> _WORK TASK_
Below is a listing. Write out exactly its lines between the one holding "- Маркери з" and the one holding "but with both", inclusive.

> _GIVEN INFORMATION_
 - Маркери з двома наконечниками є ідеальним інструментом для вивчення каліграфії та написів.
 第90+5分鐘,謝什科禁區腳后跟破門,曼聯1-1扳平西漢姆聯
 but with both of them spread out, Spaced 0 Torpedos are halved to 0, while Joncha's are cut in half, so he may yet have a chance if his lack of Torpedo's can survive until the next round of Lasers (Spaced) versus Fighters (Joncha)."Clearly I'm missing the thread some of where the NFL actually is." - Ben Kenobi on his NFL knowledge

---

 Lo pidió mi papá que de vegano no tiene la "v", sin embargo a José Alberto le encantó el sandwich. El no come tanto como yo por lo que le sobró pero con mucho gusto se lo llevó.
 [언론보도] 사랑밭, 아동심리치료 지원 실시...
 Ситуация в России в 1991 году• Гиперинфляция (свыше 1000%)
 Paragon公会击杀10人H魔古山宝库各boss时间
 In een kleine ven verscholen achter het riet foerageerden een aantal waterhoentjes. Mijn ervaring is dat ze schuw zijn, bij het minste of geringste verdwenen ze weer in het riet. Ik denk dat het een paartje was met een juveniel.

> _EXERCISE SOLUTION_
 - Маркери з двома наконечниками є ідеальним інструментом для вивчення каліграфії та написів.
 第90+5分鐘,謝什科禁區腳后跟破門,曼聯1-1扳平西漢姆聯
 but with both of them spread out, Spaced 0 Torpedos are halved to 0, while Joncha's are cut in half, so he may yet have a chance if his lack of Torpedo's can survive until the next round of Lasers (Spaced) versus Fighters (Joncha)."Clearly I'm missing the thread some of where the NFL actually is." - Ben Kenobi on his NFL knowledge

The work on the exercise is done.